*WHAT NEEDS TO BE DONE*: Without including any image, retype the records word for word.

### RAW DATA

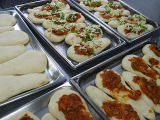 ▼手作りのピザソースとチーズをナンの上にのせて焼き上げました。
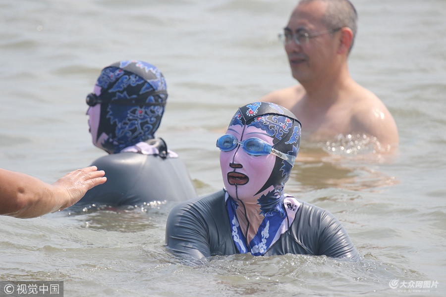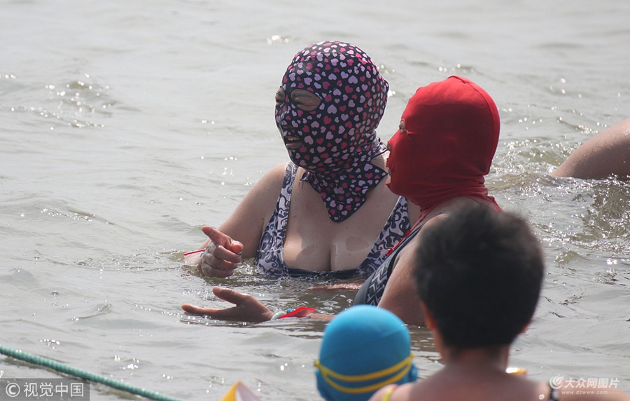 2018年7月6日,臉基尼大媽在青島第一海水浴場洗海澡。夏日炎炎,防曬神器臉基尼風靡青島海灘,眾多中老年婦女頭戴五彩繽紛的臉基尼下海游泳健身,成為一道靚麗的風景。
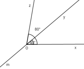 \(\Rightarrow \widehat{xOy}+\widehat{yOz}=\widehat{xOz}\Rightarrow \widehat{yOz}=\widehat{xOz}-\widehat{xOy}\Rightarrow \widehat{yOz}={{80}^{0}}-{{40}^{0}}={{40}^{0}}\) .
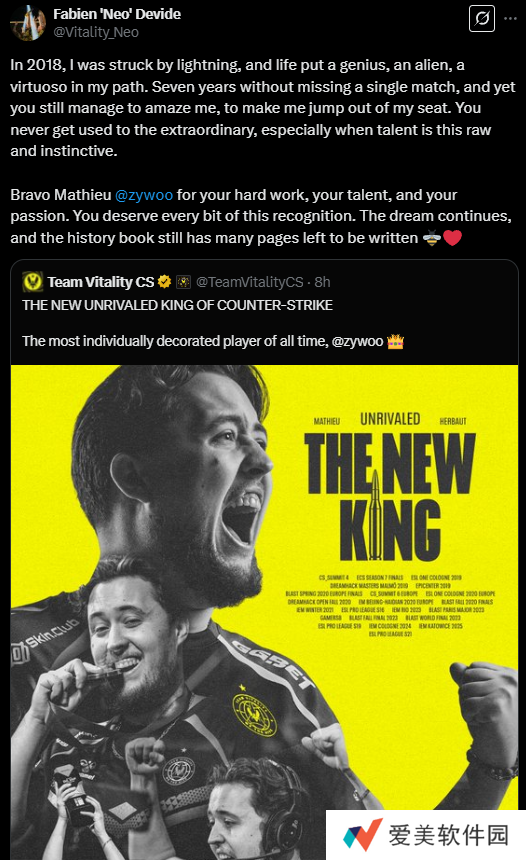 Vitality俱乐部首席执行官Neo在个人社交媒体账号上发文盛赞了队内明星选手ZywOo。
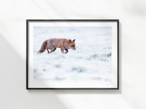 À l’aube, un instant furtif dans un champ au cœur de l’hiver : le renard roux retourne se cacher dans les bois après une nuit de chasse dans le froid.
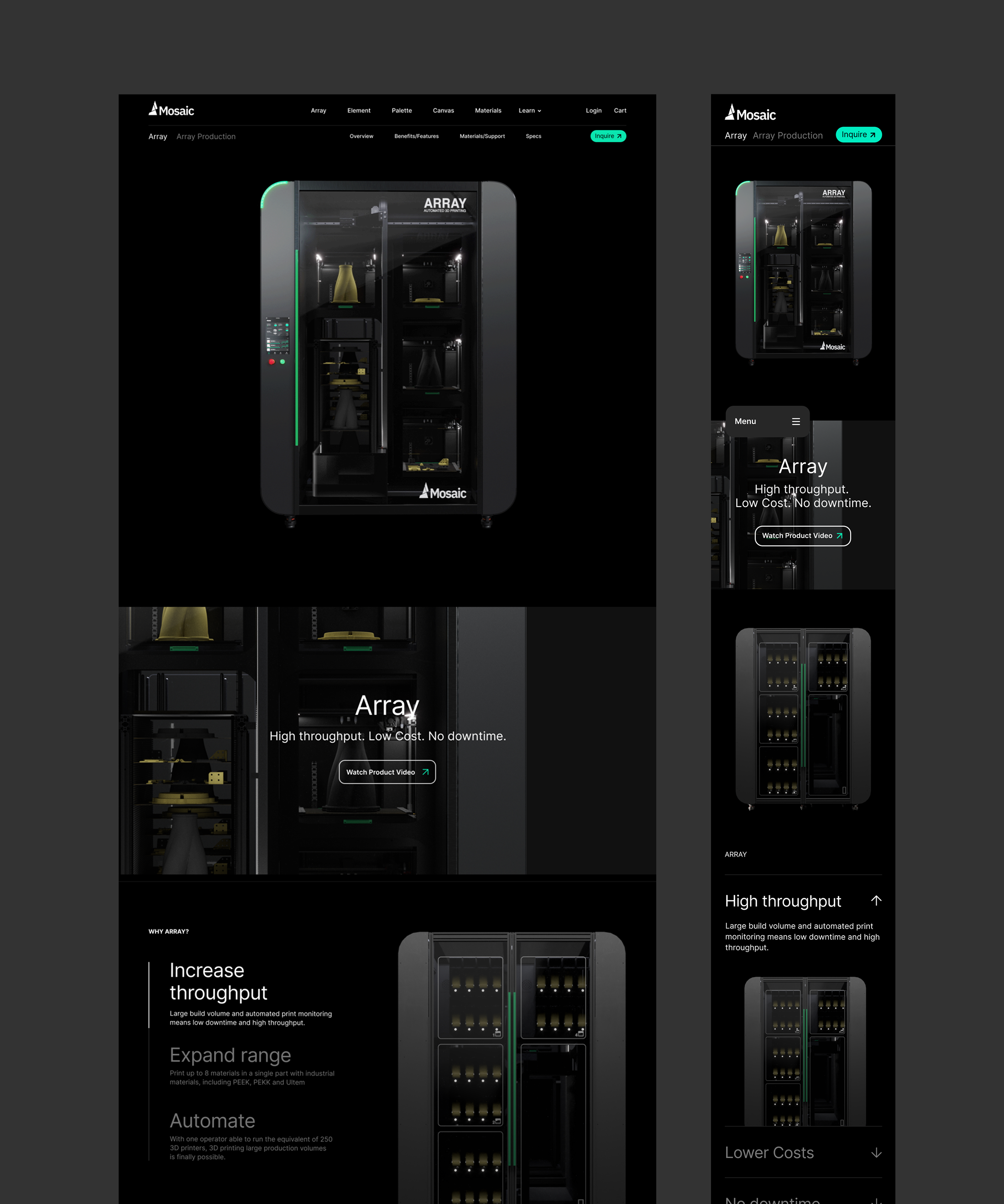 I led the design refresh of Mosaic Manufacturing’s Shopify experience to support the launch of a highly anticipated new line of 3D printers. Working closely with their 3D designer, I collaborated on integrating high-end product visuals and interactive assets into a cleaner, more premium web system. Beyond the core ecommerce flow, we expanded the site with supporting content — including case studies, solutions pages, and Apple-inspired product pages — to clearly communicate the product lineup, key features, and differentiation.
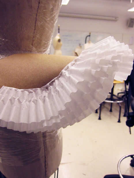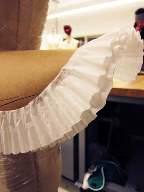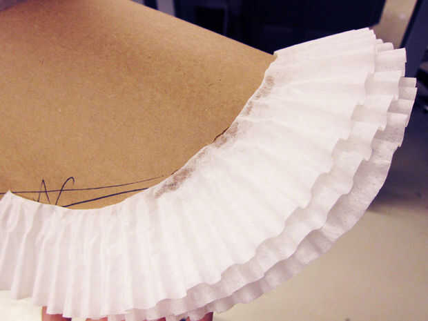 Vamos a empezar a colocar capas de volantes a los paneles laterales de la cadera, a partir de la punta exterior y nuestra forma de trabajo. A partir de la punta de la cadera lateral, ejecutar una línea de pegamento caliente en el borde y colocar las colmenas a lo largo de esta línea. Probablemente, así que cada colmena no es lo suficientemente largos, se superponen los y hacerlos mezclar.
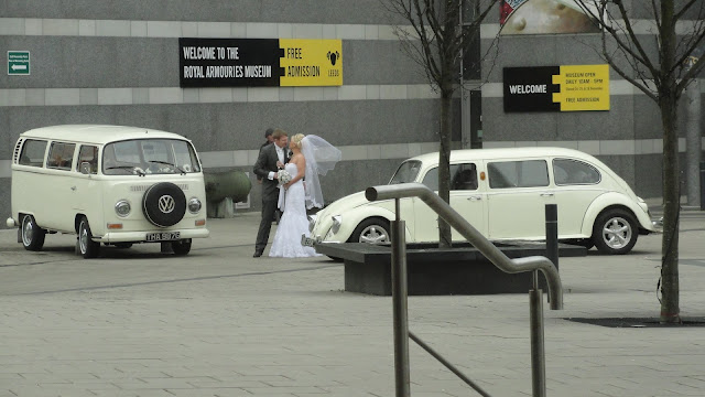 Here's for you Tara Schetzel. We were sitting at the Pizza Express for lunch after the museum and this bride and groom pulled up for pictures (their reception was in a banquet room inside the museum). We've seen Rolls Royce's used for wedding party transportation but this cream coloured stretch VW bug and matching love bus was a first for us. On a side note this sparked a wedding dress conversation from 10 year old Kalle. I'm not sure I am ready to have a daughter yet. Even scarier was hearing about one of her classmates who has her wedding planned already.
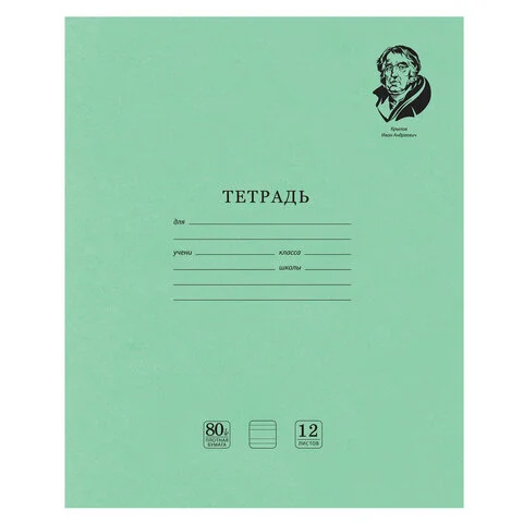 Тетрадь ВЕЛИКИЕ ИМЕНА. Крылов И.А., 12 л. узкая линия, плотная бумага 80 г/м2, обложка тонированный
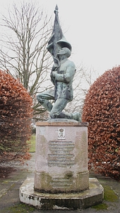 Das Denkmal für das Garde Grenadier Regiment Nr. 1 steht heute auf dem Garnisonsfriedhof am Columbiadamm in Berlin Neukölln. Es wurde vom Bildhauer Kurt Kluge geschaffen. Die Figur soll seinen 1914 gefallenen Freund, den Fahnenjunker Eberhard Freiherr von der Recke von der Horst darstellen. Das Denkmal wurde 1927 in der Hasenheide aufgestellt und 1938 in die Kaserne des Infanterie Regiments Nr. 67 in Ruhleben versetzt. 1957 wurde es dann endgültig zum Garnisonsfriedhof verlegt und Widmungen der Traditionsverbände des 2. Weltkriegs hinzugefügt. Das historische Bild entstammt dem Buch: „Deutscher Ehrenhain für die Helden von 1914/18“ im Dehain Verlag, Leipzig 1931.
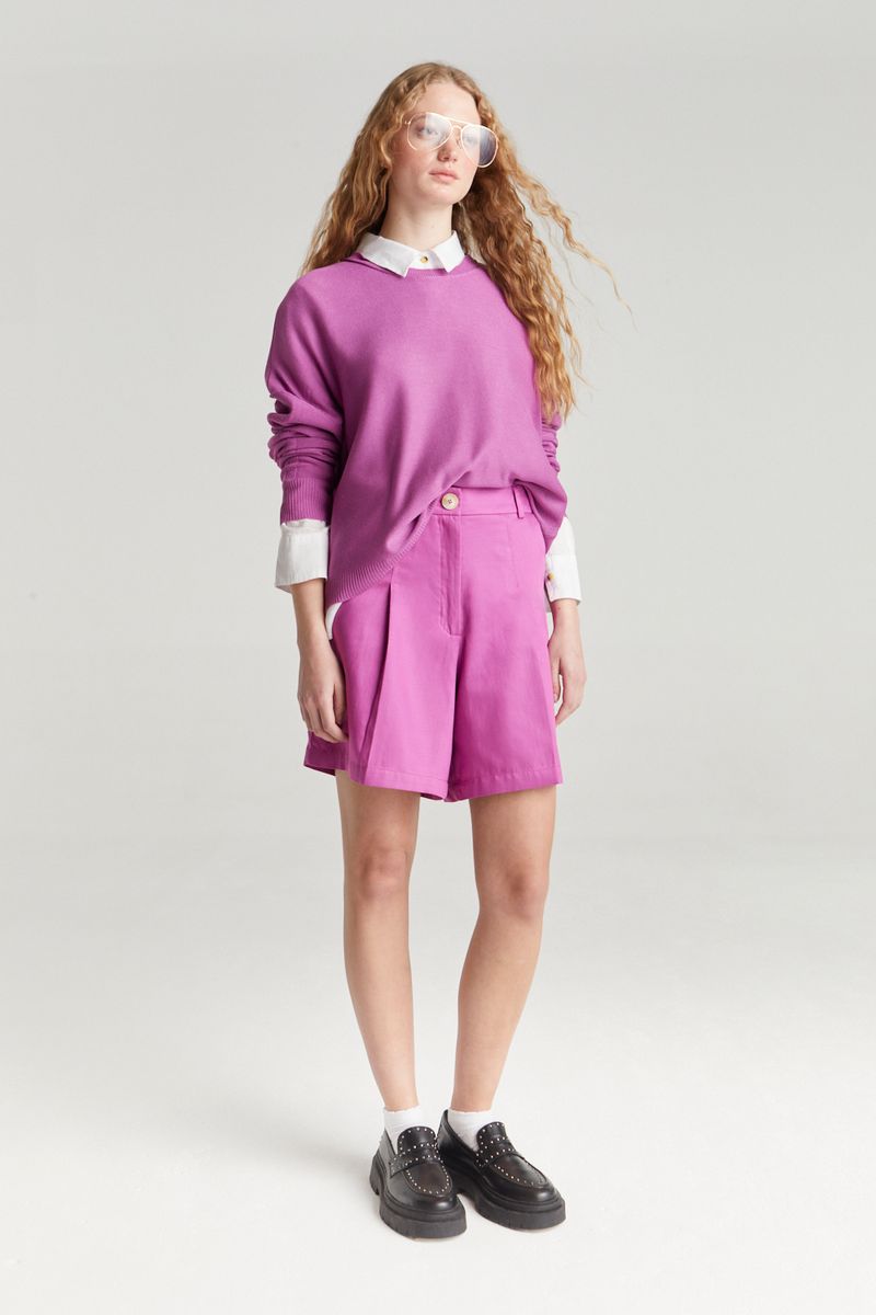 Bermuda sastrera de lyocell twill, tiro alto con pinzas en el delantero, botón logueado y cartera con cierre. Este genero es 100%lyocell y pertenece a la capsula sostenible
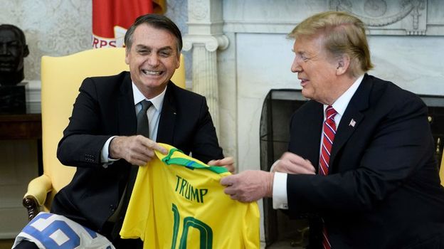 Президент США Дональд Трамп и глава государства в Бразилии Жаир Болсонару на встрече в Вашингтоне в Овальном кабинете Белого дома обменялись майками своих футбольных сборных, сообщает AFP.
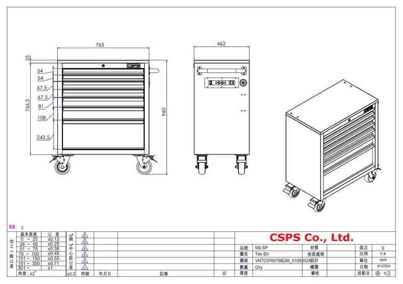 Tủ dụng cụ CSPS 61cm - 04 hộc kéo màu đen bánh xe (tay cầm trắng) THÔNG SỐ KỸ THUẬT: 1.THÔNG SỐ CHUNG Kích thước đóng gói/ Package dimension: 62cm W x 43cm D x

######

*WRITTEN SOLUTION*:
 ▼手作りのピザソースとチーズをナンの上にのせて焼き上げました。
 2018年7月6日,臉基尼大媽在青島第一海水浴場洗海澡。夏日炎炎,防曬神器臉基尼風靡青島海灘,眾多中老年婦女頭戴五彩繽紛的臉基尼下海游泳健身,成為一道靚麗的風景。
 \(\Rightarrow \widehat{xOy}+\widehat{yOz}=\widehat{xOz}\Rightarrow \widehat{yOz}=\widehat{xOz}-\widehat{xOy}\Rightarrow \widehat{yOz}={{80}^{0}}-{{40}^{0}}={{40}^{0}}\) .
 Vitality俱乐部首席执行官Neo在个人社交媒体账号上发文盛赞了队内明星选手ZywOo。
 À l’aube, un instant furtif dans un champ au cœur de l’hiver : le renard roux retourne se cacher dans les bois après une nuit de chasse dans le froid.
 I led the design refresh of Mosaic Manufacturing’s Shopify experience to support the launch of a highly anticipated new line of 3D printers. Working closely with their 3D designer, I collaborated on integrating high-end product visuals and interactive assets into a cleaner, more premium web system. Beyond the core ecommerce flow, we expanded the site with supporting content — including case studies, solutions pages, and Apple-inspired product pages — to clearly communicate the product lineup, key features, and differentiation.
 Vamos a empezar a colocar capas de volantes a los paneles laterales de la cadera, a partir de la punta exterior y nuestra forma de trabajo. A partir de la punta de la cadera lateral, ejecutar una línea de pegamento caliente en el borde y colocar las colmenas a lo largo de esta línea. Probablemente, así que cada colmena no es lo suficientemente largos, se superponen los y hacerlos mezclar.
 Here's for you Tara Schetzel. We were sitting at the Pizza Express for lunch after the museum and this bride and groom pulled up for pictures (their reception was in a banquet room inside the museum). We've seen Rolls Royce's used for wedding party transportation but this cream coloured stretch VW bug and matching love bus was a first for us. On a side note this sparked a wedding dress conversation from 10 year old Kalle. I'm not sure I am ready to have a daughter yet. Even scarier was hearing about one of her classmates who has her wedding planned already.
 Тетрадь ВЕЛИКИЕ ИМЕНА. Крылов И.А., 12 л. узкая линия, плотная бумага 80 г/м2, обложка тонированный
 Das Denkmal für das Garde Grenadier Regiment Nr. 1 steht heute auf dem Garnisonsfriedhof am Columbiadamm in Berlin Neukölln. Es wurde vom Bildhauer Kurt Kluge geschaffen. Die Figur soll seinen 1914 gefallenen Freund, den Fahnenjunker Eberhard Freiherr von der Recke von der Horst darstellen. Das Denkmal wurde 1927 in der Hasenheide aufgestellt und 1938 in die Kaserne des Infanterie Regiments Nr. 67 in Ruhleben versetzt. 1957 wurde es dann endgültig zum Garnisonsfriedhof verlegt und Widmungen der Traditionsverbände des 2. Weltkriegs hinzugefügt. Das historische Bild entstammt dem Buch: „Deutscher Ehrenhain für die Helden von 1914/18“ im Dehain Verlag, Leipzig 1931.
 Bermuda sastrera de lyocell twill, tiro alto con pinzas en el delantero, botón logueado y cartera con cierre. Este genero es 100%lyocell y pertenece a la capsula sostenible
 Президент США Дональд Трамп и глава государства в Бразилии Жаир Болсонару на встрече в Вашингтоне в Овальном кабинете Белого дома обменялись майками своих футбольных сборных, сообщает AFP.
 Tủ dụng cụ CSPS 61cm - 04 hộc kéo màu đen bánh xe (tay cầm trắng) THÔNG SỐ KỸ THUẬT: 1.THÔNG SỐ CHUNG Kích thước đóng gói/ Package dimension: 62cm W x 43cm D x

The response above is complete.